* WHAT TO DO *
All of the data should be given again word for word, though the images are to be left out.

* AVAILABLE DATA *
=====
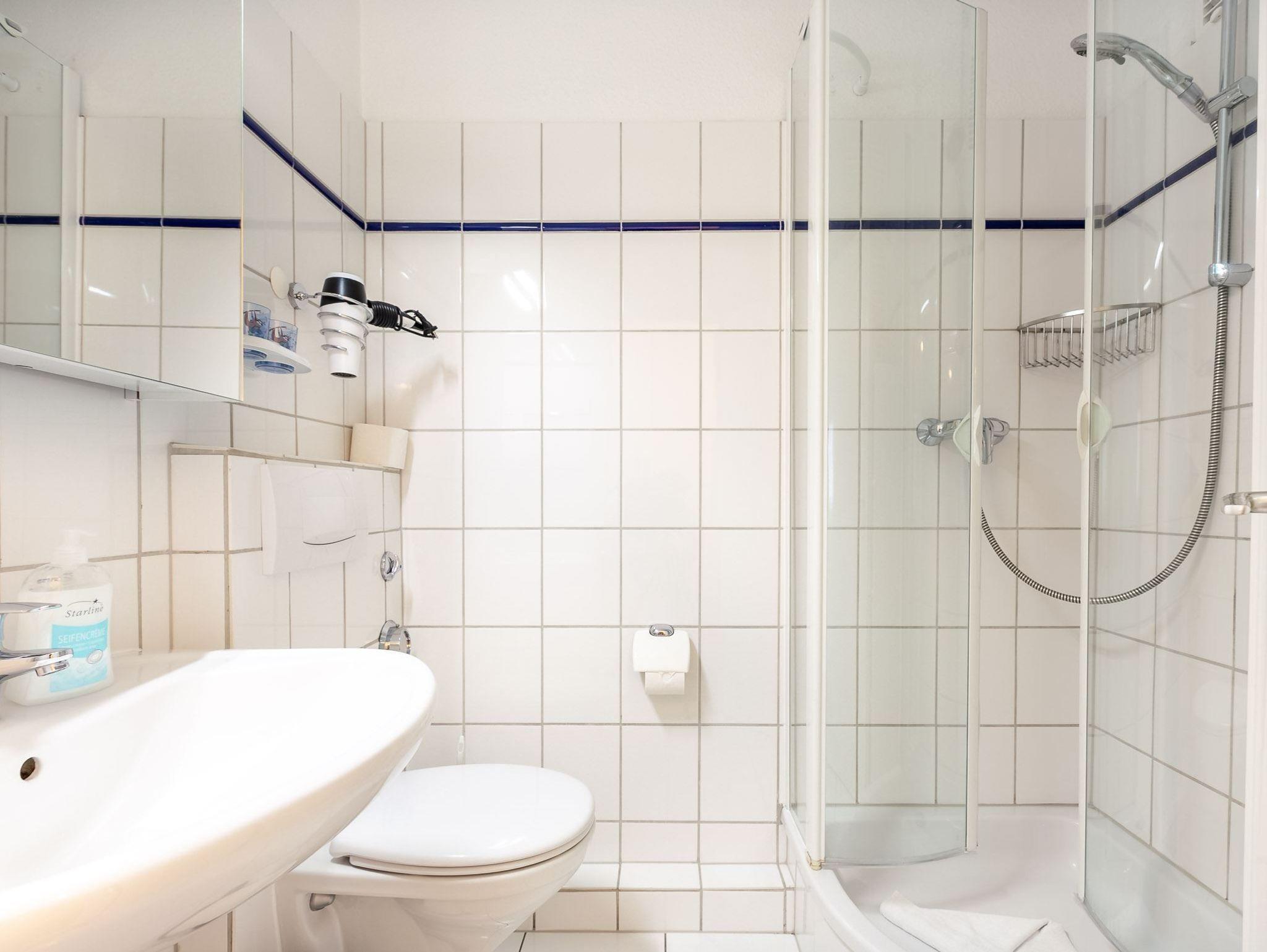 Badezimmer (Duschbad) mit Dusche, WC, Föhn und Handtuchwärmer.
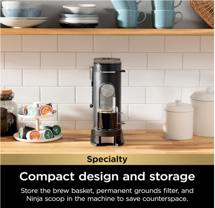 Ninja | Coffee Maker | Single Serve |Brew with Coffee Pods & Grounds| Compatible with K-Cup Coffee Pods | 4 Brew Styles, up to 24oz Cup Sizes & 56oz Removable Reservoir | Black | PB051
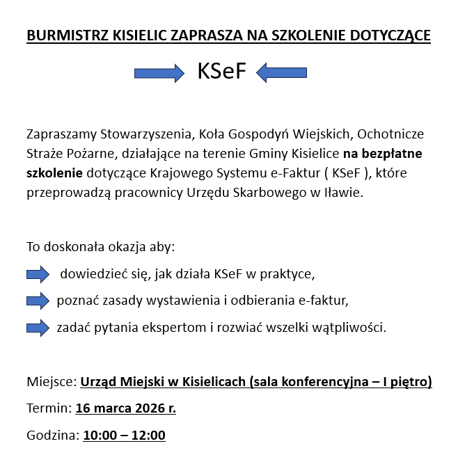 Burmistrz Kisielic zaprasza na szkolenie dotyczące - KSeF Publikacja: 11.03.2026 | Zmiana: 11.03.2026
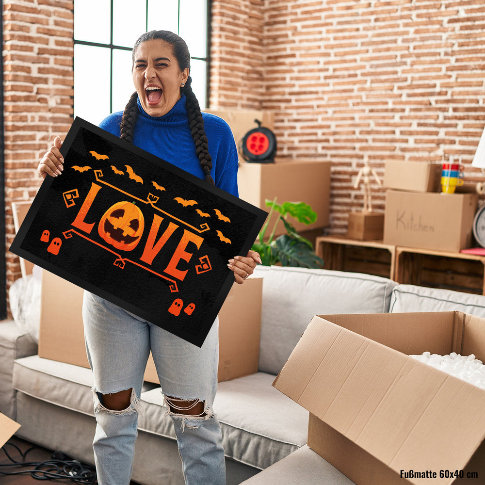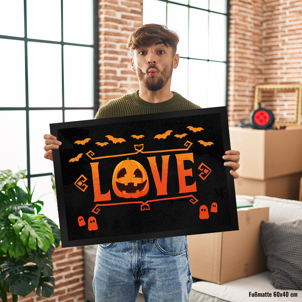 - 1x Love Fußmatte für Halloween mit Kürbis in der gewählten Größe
=====
* ANSWER SPACE *
 Badezimmer (Duschbad) mit Dusche, WC, Föhn und Handtuchwärmer.
 Ninja | Coffee Maker | Single Serve |Brew with Coffee Pods & Grounds| Compatible with K-Cup Coffee Pods | 4 Brew Styles, up to 24oz Cup Sizes & 56oz Removable Reservoir | Black | PB051
 Burmistrz Kisielic zaprasza na szkolenie dotyczące - KSeF Publikacja: 11.03.2026 | Zmiana: 11.03.2026
 - 1x Love Fußmatte für Halloween mit Kürbis in der gewählten Größe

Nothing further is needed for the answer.